> [Entries shown]
▼

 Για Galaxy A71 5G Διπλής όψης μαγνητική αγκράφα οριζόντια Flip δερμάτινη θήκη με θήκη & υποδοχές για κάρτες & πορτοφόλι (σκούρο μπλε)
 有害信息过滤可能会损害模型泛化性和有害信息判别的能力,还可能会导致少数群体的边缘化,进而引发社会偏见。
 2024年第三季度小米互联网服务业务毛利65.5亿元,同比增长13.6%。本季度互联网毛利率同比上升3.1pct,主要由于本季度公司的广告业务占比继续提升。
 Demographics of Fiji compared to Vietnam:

▲
▼

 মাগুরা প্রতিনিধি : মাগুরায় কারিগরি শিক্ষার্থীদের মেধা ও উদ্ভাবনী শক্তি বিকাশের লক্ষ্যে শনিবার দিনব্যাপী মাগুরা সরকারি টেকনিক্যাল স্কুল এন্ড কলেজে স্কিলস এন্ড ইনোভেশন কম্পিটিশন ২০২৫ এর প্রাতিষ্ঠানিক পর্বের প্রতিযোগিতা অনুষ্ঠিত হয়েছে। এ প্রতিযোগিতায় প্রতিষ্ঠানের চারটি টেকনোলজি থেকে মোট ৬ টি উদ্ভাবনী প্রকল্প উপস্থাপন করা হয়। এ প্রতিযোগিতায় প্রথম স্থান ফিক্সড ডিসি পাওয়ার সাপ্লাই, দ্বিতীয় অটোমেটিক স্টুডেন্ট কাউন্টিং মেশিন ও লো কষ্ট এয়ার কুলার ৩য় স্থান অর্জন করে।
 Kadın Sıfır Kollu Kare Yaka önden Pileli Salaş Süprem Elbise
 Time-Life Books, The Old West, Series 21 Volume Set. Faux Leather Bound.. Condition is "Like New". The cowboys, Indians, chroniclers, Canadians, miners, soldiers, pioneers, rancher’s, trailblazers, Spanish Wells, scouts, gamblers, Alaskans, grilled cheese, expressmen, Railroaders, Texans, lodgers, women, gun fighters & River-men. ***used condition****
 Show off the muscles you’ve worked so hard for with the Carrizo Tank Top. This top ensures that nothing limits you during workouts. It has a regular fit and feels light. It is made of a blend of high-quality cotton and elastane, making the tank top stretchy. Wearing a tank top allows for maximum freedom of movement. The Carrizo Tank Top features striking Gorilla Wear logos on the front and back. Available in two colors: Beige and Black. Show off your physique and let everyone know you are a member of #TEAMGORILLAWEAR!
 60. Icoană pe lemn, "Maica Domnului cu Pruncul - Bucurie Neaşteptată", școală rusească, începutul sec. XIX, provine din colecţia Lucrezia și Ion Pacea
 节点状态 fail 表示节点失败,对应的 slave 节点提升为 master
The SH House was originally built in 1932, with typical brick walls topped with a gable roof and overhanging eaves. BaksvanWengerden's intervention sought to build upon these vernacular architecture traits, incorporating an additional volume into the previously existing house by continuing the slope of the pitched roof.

▲

For the lines above, output exactly those from the line containing "2024年第三季度小米互联网" through the line containing "Demographics of Fiji", and skip the others.

> [Response]
 2024年第三季度小米互联网服务业务毛利65.5亿元,同比增长13.6%。本季度互联网毛利率同比上升3.1pct,主要由于本季度公司的广告业务占比继续提升。
 Demographics of Fiji compared to Vietnam:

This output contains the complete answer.